章节大纲

  • You might be familiar with the idea of calorie intake requirements, such as the guidelines shown in the table below. Use your calculator to find the line of best fit for the data .
    ::您可能熟悉卡路里摄入量要求的概念, 如下表显示的指导方针。 使用您的计算器来找到最适合数据的线 。

    Calorie Requirements (Male), 1-59 years
    ::Calorie 需求(男),1-59岁

    Age Range, x 1-3 4-6 7-10 11-14 15-18 19-59
    Calorie Needs, y 1230 1715 1970 2220 2755 2550

    The age is measured in years.
    ::年龄以岁数衡量。

    Finding the Equation of a Best Fit Using a Calculator
    ::查找使用计算器最合适计算公式的方程式

    We have already  learned how to find the linear equation of best fit by hand. This entire process can also be done by your graphing calculator. It is recommended that you use a graphing calculator for two main reasons: accuracy and consistency.

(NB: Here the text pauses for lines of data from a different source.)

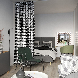 Интерьер спальни в стиле лофт и скандинавском стиле, проект «Жк кутузов град 1» №3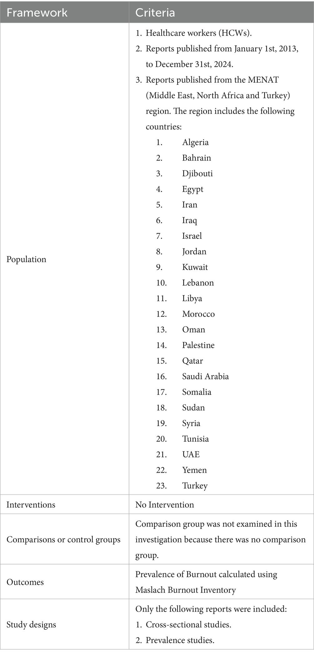 Table 1. Inclusion criteria for studies on burnout among healthcare workers in the MENAT region.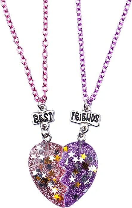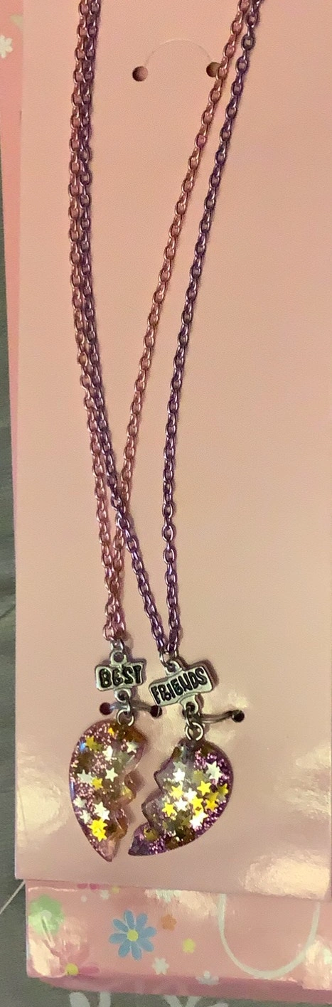 Make your best friend feel special with our cute and charming BFF necklace. Share your stories and the hearts of the necklace to remind each other of your special bond. Our set includes 2 purple and pink heart-shaped pendants with glitter and stars in it on a chain with clasp closure in pink and purple tone finish respectively. The beautiful necklaces come with ‘Best’ and ‘Friend’ tags to secure your bond. The chain length is 16” with a 3” extender. A true reminder of an eternal friendship. I have a few boxes of these available at my price of $10 each set.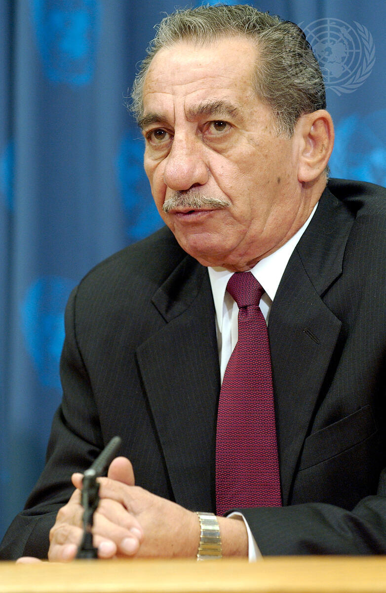 Tassos Papadopoulos, President of the Republic of Cyprus, briefs correspondents today at UN Headquarters.

The graphing calculator will be more accurate than a calculation by hand and it will also be more consistent between students, or a greater likelihood that everyone will get the same answer.
    ::我们已经学会了如何用手来找到最合适的线性方程式。 整个过程也可以通过您的图形计算计算器来完成。 推荐您使用图形计算器有两个主要原因: 准确性和一致性。 图形计算器比用手来计算更准确, 学生之间也会更加一致, 或者每个人都更有可能得到相同的答案。

    Below is a table for the total number of home runs hit from 1990-2000.
    ::下表列出了1990-2000年全垒打总次数。

    Let's make a scatterplot using graphing calculator.
    ::让我们用图形计算计算器做一个散射图。

    1990 1991 1992 1993 1994 1995 1996 1997 1998 1999 2000
    3317 3383 3038 4030 3306 4081 4962 4640 5064 5528 5693

    Recall that an ordered pair is a point, (1990, 3317), for example. In the graphing calculator, you will  need to enter each ordered pair  as an  x value and a  y value. To do this, you need to create lists. The x values will be List1, or L1 and the y values will be List2, or L2. Instructions below are for the TI 83/84.
    ::提醒注意定购一对是一个点, 例如( 1990, 3317) 。 在图形计算计算器中, 您需要将每对定购一对输入为 x- 值和 Y- 值。 要这样做, 您需要创建列表 。 x- 值将是 List1 或 L1, y- 值将是 List2 , 或者 L2 。 以下的说明是 TI 83/84 的 说明 。

    To create a list:
    ::要创建列表 :

    Step 1: Press STAT.
    ::第1步:新闻STAT。

    Step 2: In EDIT, select 1:Edit…. Press ENTER.
    ::步骤2:在EDIT中,选择1:编辑.按ENTER键。

    Step 3: The List table appears. If there are any current lists, you will need to clear them. To do this, arrow up to L1 so that it is highlighted (black). Press CLEAR, then press ENTER. Repeat with L2, if necessary.
    ::第3步:列表表格出现。如果有任何当前列表,您需要清除这些列表。要清除这些列表,请向L1箭头向上箭头,以便突出显示(黑色)。按 CLEAR 键,然后按 ENTER 键。如果需要,请重复 L2 。

    Step 4: Now, enter the data into the lists. Enter all the entries into L1 (years) first and press enter between each entry. Then, repeat with L2 and the total home run numbers. Your screen should look something like this when you are done.
    ::步骤 4 : 现在, 将数据输入列表中。 首先输入所有条目到 L1 (年份) , 然后按每个条目之间的输入。 然后, 重复使用 L2 和总主机运行数字 。 您的屏幕在完成后应该看到类似的东西 。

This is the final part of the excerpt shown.